I had to rescue my phyllo pastry ski mask from a volcano yet again. That’s right, my baklava balaclava was back in lava.
Titanic passengers clearly didn’t read the fine print on their tickets:
“All sails are final.”
me: hi i’d like to exchange my current brain for a new one
customer service: ma’am you’re calling amazon
me: listen alexa i am a PRIME member
Her: You ate that entire bag of fried cheese snacks?

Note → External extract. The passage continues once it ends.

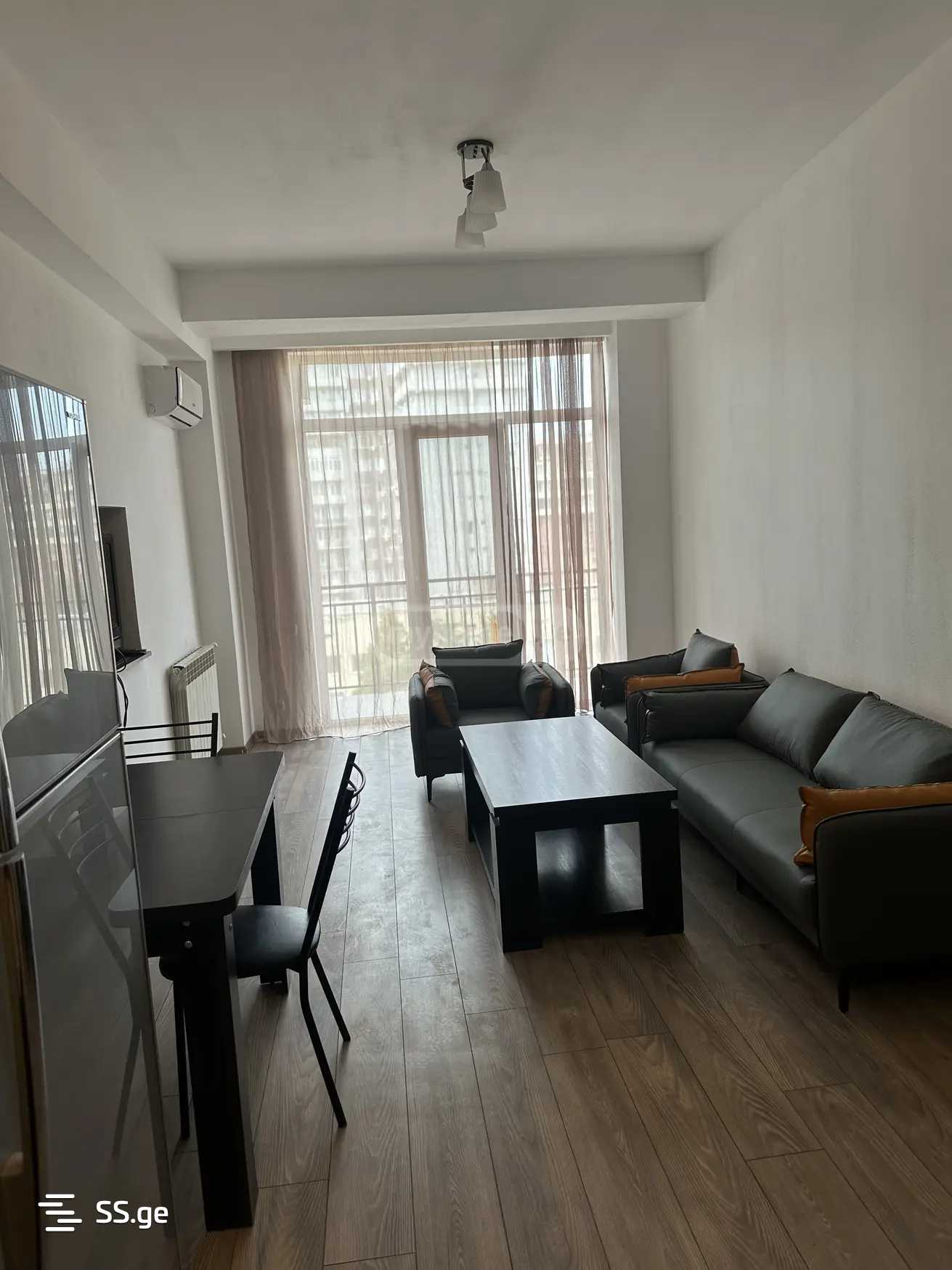 For rent in Saburtalo, on the parallel Tsaghareli Street of Mikheil Meskhi, a renovated 2-room apartment in a new building, furnished and equipped with appliances. Payment for two months in advance.

Him: Thought you said they were baked.
Her: I said YOU were baked.
Me: it’s almost like if someone is interested in me I instinctively run away
Therapist: that’s interesting
Me: ok you seem nice but I gotta go
There’s 7 million people in this world and you think I’m gonna let one customer with a bad attitude to ruin my day??? damn right I am I’ll probably even go cry in the freezer too
me as a kidnapper sending my second ransom letter when I haven’t gotten a response yet to my first one: hi all! just following up
My dad would be so mad if he knew how loud my tv is right now.
I’m not one for asking u guys to check out sites but please do.

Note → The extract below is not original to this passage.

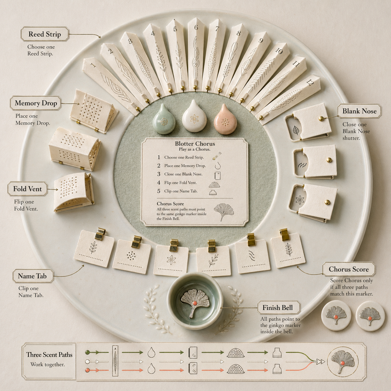 从香氛试纸风琴派生的合作声部路径玩法:玩家选 Reed Strip、放 Memory Drop、关 Blank Nose、翻 Fold Vent、夹 Name Tab;只有三条气味路径都指向 Finish Bell 里的同一枚银色银杏香标,才得到 Chorus Score。

Awesome site ~ _~ I’m really honored. @funTweeters
It takes a long time to delete 900 million dollars worth of stuff from an Amazon shopping cart.
I only see psychics so that I can keep arguing with dead relatives.

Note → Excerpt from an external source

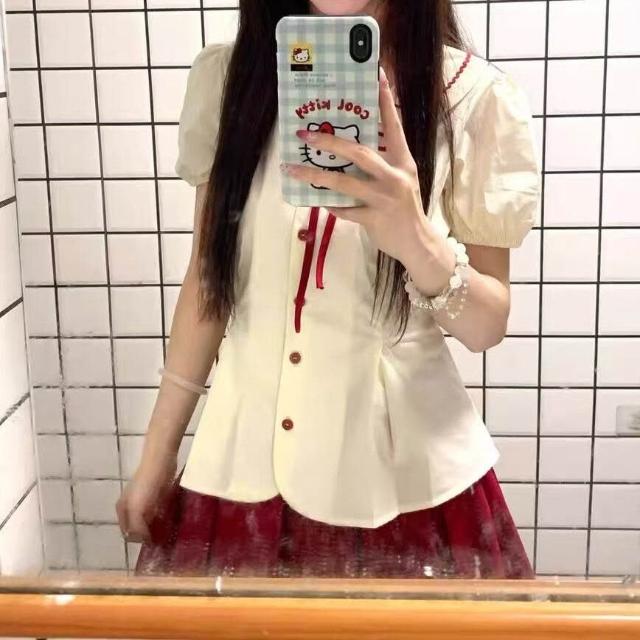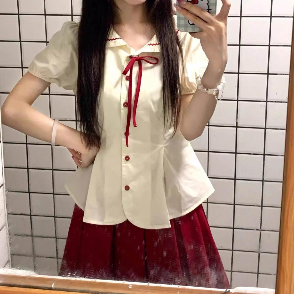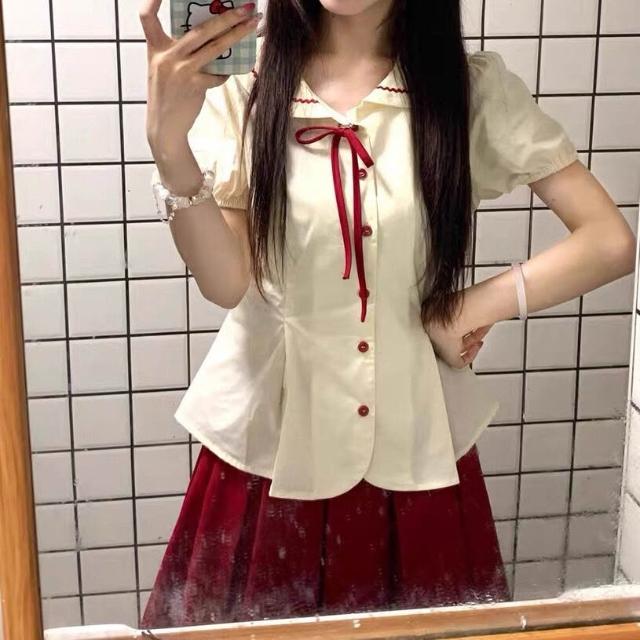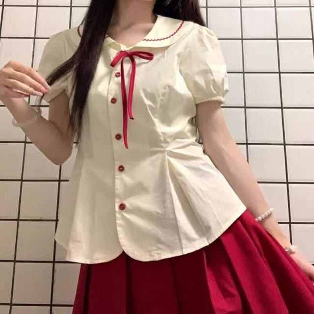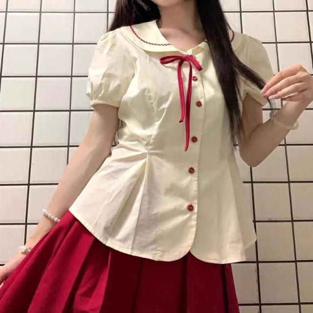 Quality生活 娃娃領短袖襯衫女夏季蝴蝶結綁帶撞色襯衣外套學院風甜美修身上衣 f04

Me: A hundred years from now, who’ll care if I have a second piece of pie?
145 year old me: God, I’m fat
“I” before “e” except after “Old MacDonald had a farm”
Thoughts & prayers for my son who thought his phone was charging overnight only to find he must go to school on 6%.
friend: how’d you learn to speak dolphin?
me: with ease
🤣🤣💀
ME: *giggles* I wouldn’t say I have a ‘type’…
DOCTOR: Sir, you’re losing a lot of blood and we need to make this transfusion
Investing in beetcoin
Child: Mum!
Dad: Oh come on it’s not that bad
Child: MUUUM!
Dad: (You little prick) Hey hun..
It’s Facebook’s 10th birthday today. Let’s all click “Maybe” on the event invite and then not show up.
*rocks out at concert*
*holds up lighter*
*millennials scream*
*mass chaos, crying*
*I’m tackled*
*one old guy high-fives me as I go down*
Happy 10th birthday to your dating profile pic.
jigsaw: I have injected you with a deadly poison
me [sitting in a chair]: OMG
jigsaw: if you want to live the antidote is on the other side of the room
me: I don’t understand, I’m not tied up?
jigsaw: *places sleeping kitten on my lap*
me: goodbye cruel world
Just because someone smiles a lot doesn’t mean they’re nice. Take alligators for example.
Boss: Stop putting fake teeth marks in the urinal cakes. You’re freaking out the customers.
Me: Fake?
H: Gross! Stop peeing in the shower!
Me: Why? Everybody pees in the shower.
H: Yeah but you’re not in it right now, I am.
I once dated a woman that said I used to much garlic and I got rid of that vampire right quick
dentist: so, are you flossing?
me: are you using a unique password for every account?
Spoiler alert: Doctor Strange could not become a Sorcerer Supreme until he learned to like sour cream.